*EXERCISE INSTRUCTIONS*. Leave the pictures in the listing below aside and reproduce exactly the lines starting with the one with "ガスの充填方法は、タンクをテ" and going on through the one with "Итак, наконец-то мои", both ends included.

START SUPPLIED RECORDS

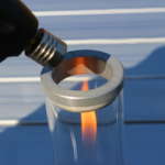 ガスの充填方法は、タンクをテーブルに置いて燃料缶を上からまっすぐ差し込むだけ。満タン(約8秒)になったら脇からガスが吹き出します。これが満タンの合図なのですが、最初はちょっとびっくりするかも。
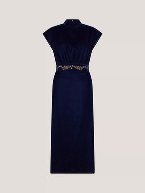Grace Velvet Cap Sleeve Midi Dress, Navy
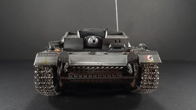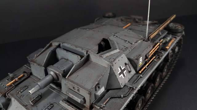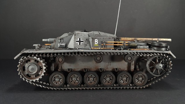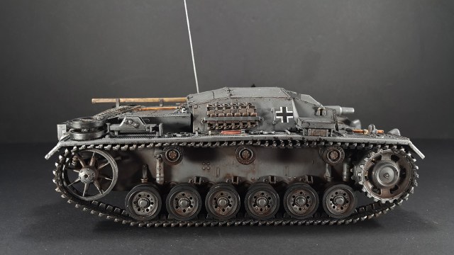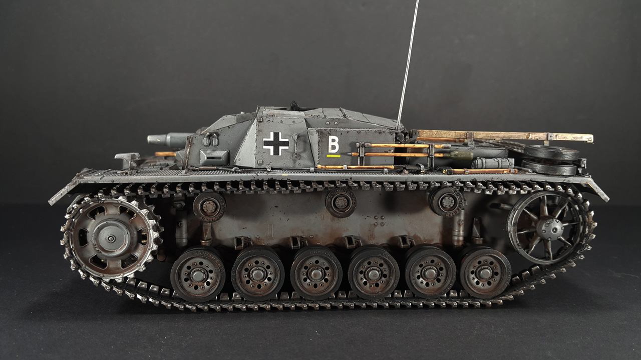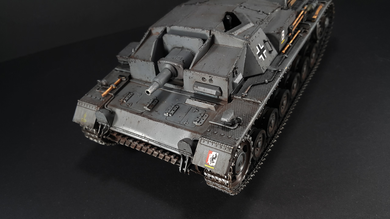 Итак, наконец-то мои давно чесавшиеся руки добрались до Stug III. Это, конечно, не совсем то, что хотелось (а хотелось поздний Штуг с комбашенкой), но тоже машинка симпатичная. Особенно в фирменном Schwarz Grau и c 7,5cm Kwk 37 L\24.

END SUPPLIED RECORDS
START SUPPLIED RECORDS

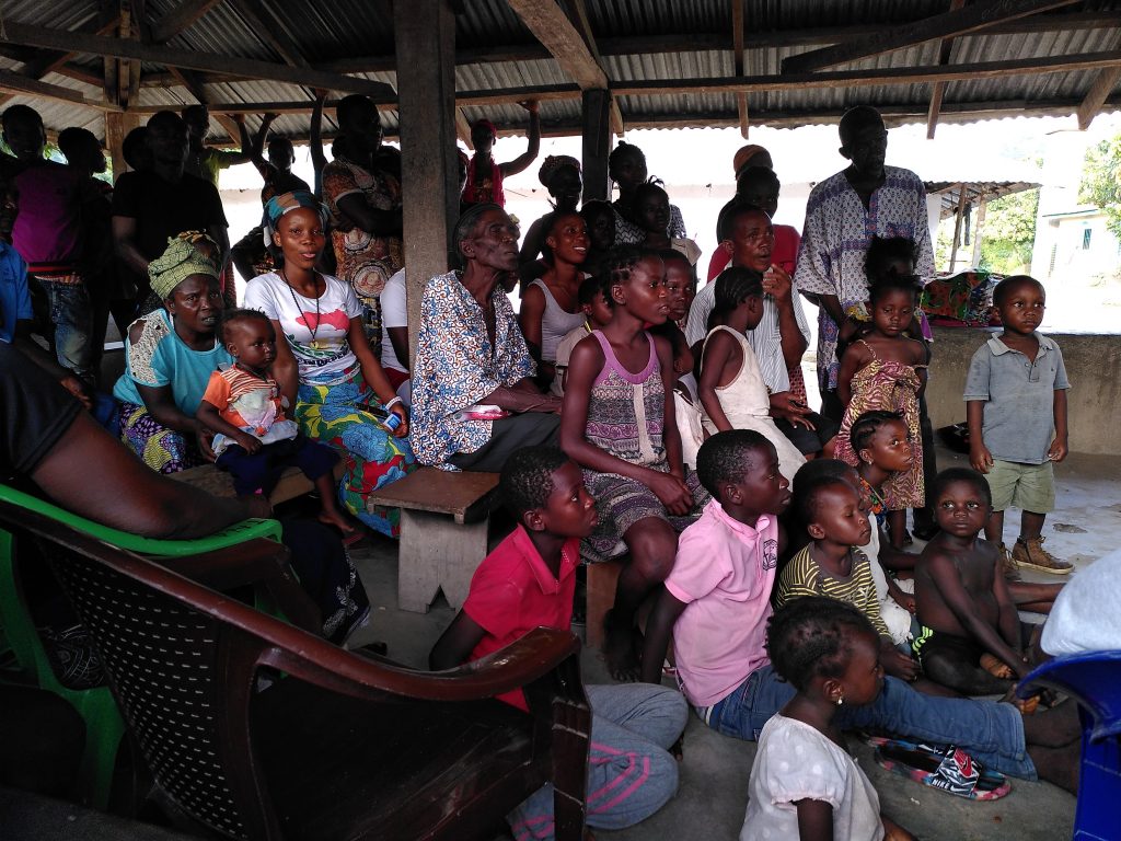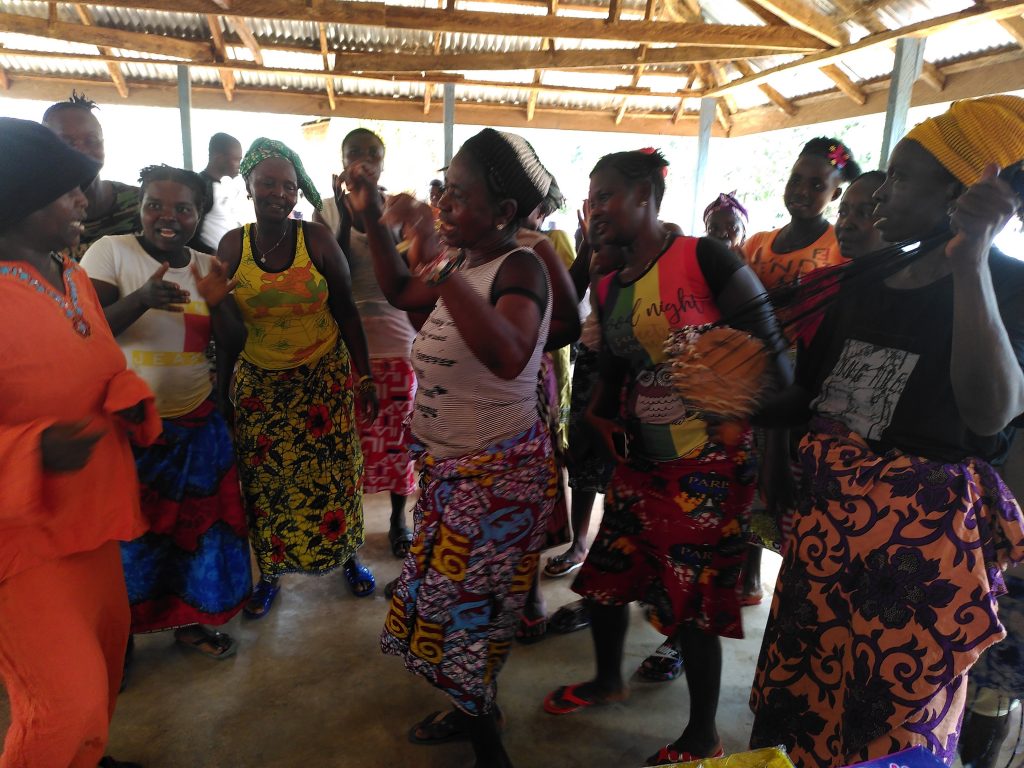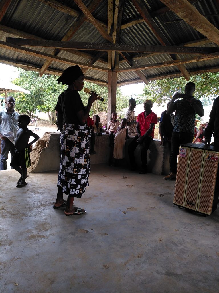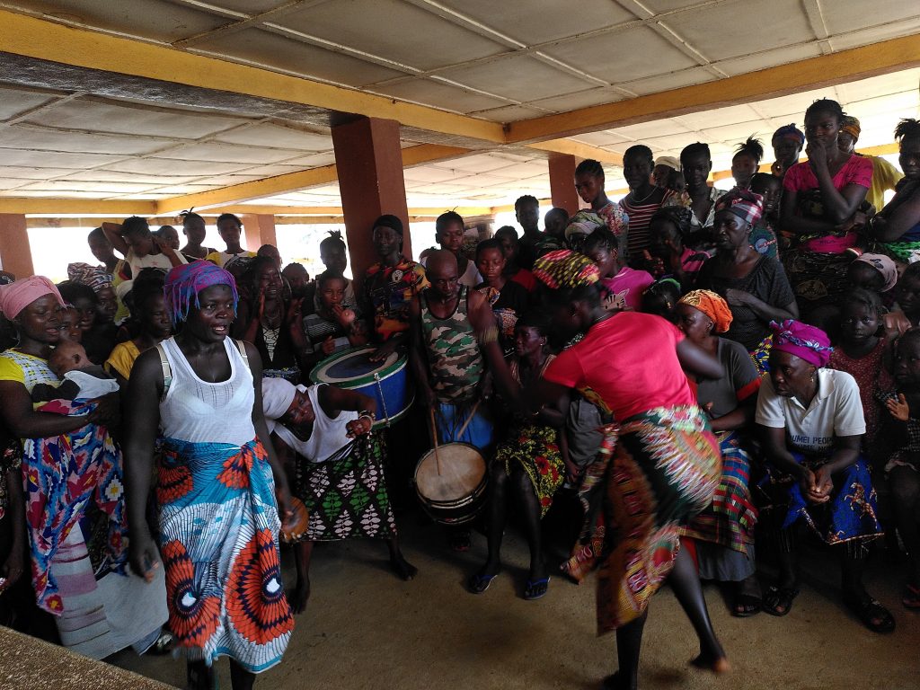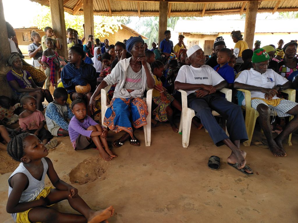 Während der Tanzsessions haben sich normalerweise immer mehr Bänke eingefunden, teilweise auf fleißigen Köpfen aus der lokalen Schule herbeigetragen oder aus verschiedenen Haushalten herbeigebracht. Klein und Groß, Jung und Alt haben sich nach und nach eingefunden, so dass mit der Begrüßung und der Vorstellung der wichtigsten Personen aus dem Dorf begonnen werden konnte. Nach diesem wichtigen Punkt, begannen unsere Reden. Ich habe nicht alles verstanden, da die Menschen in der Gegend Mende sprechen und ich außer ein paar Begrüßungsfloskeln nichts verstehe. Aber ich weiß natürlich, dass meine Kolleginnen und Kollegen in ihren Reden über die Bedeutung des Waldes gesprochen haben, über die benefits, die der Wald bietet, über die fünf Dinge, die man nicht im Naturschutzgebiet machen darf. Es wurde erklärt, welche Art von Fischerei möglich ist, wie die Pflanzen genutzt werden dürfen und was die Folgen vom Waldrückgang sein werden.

END SUPPLIED RECORDS

*SOLUTION FOR THIS PROBLEM*.
 ガスの充填方法は、タンクをテーブルに置いて燃料缶を上からまっすぐ差し込むだけ。満タン(約8秒)になったら脇からガスが吹き出します。これが満タンの合図なのですが、最初はちょっとびっくりするかも。
Grace Velvet Cap Sleeve Midi Dress, Navy
 Итак, наконец-то мои давно чесавшиеся руки добрались до Stug III. Это, конечно, не совсем то, что хотелось (а хотелось поздний Штуг с комбашенкой), но тоже машинка симпатичная. Особенно в фирменном Schwarz Grau и c 7,5cm Kwk 37 L\24.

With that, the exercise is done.